Some readers undoubtedly have given Lucas's critique the interpretation
outlined above. Sargent's paper is one example. Under this
interpretation, equation \eqref{eq:naive} is interpreted as general enough to
correspond to any statistical model relating endogenous variables $y$ to
lagged endogenous variables, policy variables $x$, some parameters $\beta$, and
random disturbances $\eta$. The claim is that any use of such a model to make
policy will have to change the model, making the model invalid. This
leads to skepticism toward all use of data in forming policy, since there
is no way to do so without using a model in the general form \eqref{eq:naive}.
Concentration on choice of the parameters of a policy rule is of no help,
since there is no logical distinction between such ``parameters" and
"policy variables". Thus on this interpretation, if one takes the
rational expectations critique of standard econometric policy evaluation
seriously it applies with equal force to the rational expectations
program for ``correct" econometric evaluation of policy.

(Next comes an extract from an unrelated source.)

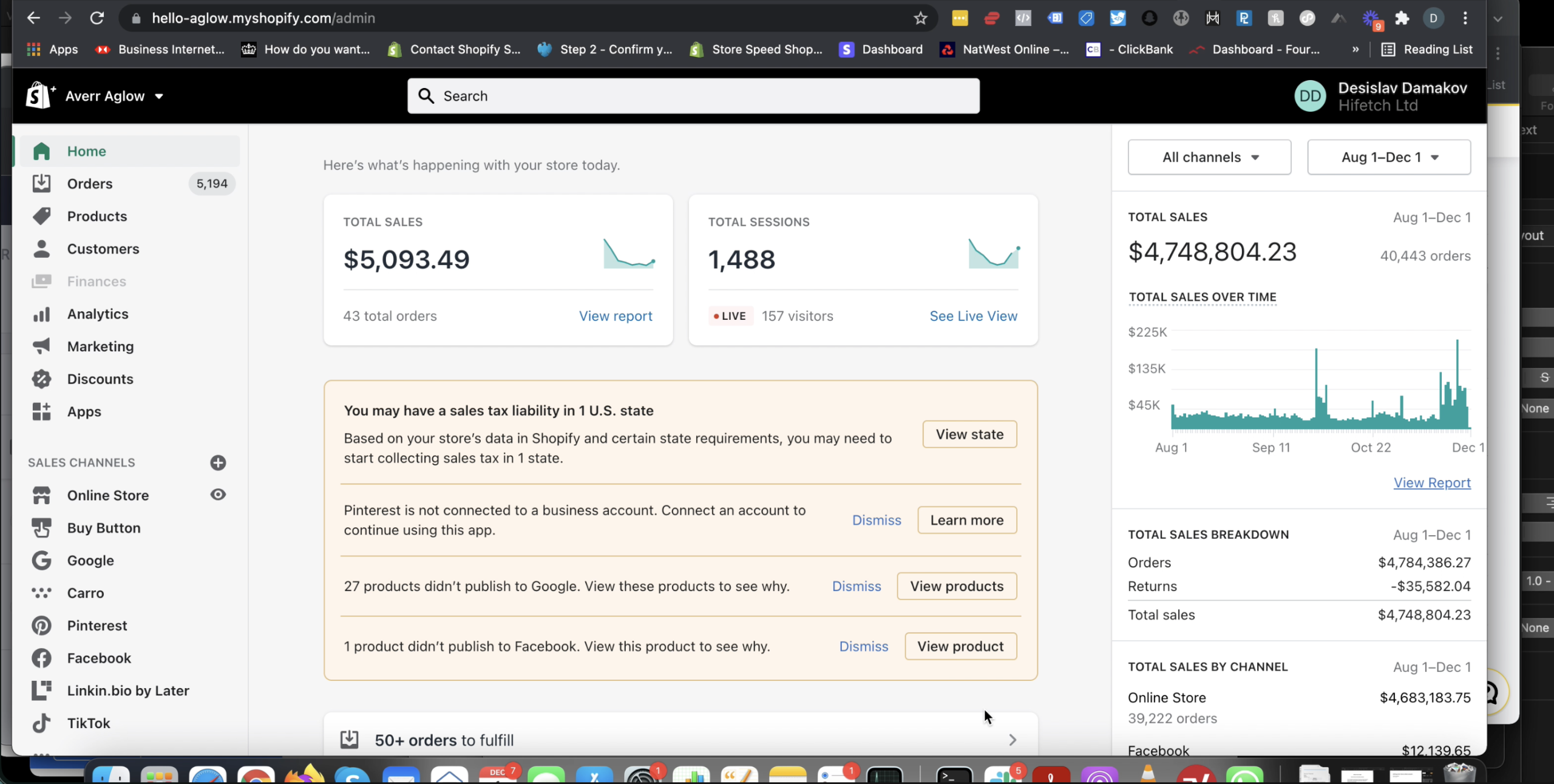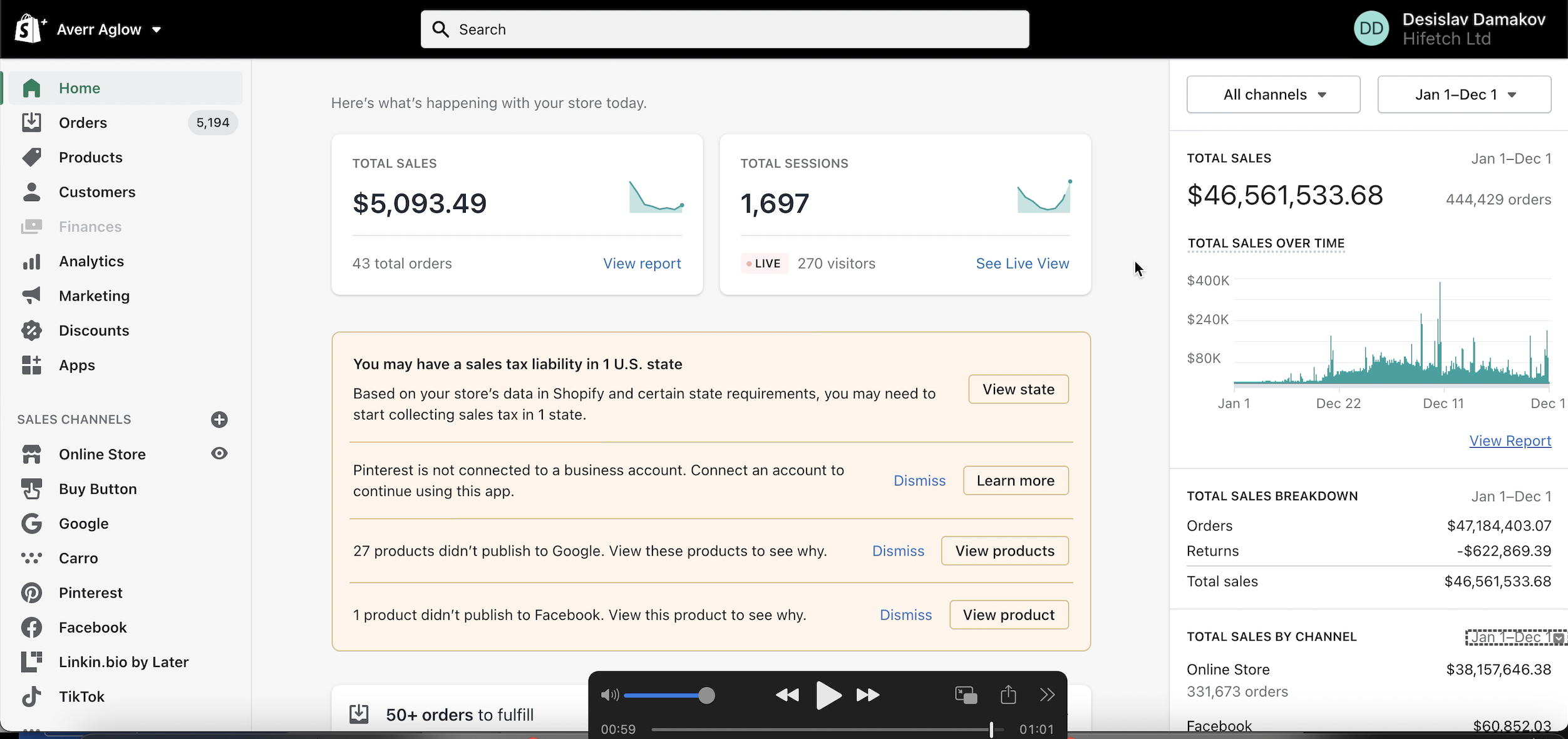 AverrAglow Shopify store data — ad account performance, May 2023

As we will see in the next section through an example, the argument in
this form is simply incorrect. It is possible for an optimizing,
benevolent, immortal policy maker to make policy every period forever by
choosing among conditional projections from a statistical model while the
model remains accurate.
However, this version of the argument distorts the original. When Lucas
writes down \eqref{eq:naive} in section 6 of his paper, he introduces it as a
``structure" of the form \eqref{eq:naive}. By this he probably means to imply that $F$
is not some general statistical model, but the kind of entity he
described in more detail when using \eqref{eq:naive} earlier in the paper. There he
requires that ``the function $F$ and the parameter vector $\beta$ are derived from
decision rules (demand and supply functions) of agents in the economy,
and these decisions are, theoretically, optimal given the situation in
which each agent is placed." Furthermore, in the examples Lucas
considers there is in every case one or more functions contained in the
model which represent or are directly affected by agents'
expectation-formation rules.
The lesson of rational expectations is that when we use a model in whose
functional form is embedded agents' expectational rules, we are likely to
make errors even in forecasting if we insist that those expectational
rules are fixed through time, and that we will make even more serious
errors in policy evaluation if we pretend that those rules will remain
fixed despite changes in policy which make them clearly suboptimal. The
difference between \eqref{eq:naive} and the system \eqref{eq:rule}-\eqref{eq:response}
as frameworks for policy
analysis is not the superficial one that in the latter we think of
ourselves as choosing a ``fixed parameter" $\gamma$ while in the former we are
choosing ``arbitrary" values of policy ``variables" $x$. The difference is
that in \eqref{eq:naive} the parameters $\beta$ in fact depend on the hidden policy variable
$\gamma$. If we try to use \eqref{eq:naive} to guess the effects of various $x$
paths which
are in fact accompanied by changes in $\beta$, we will make errors. The
advantage of \eqref{eq:rule}-\eqref{eq:response}, or the equivalent model
\eqref{eq:eight}, is that either of them
takes proper account of the effect of $\gamma$ on $\beta$.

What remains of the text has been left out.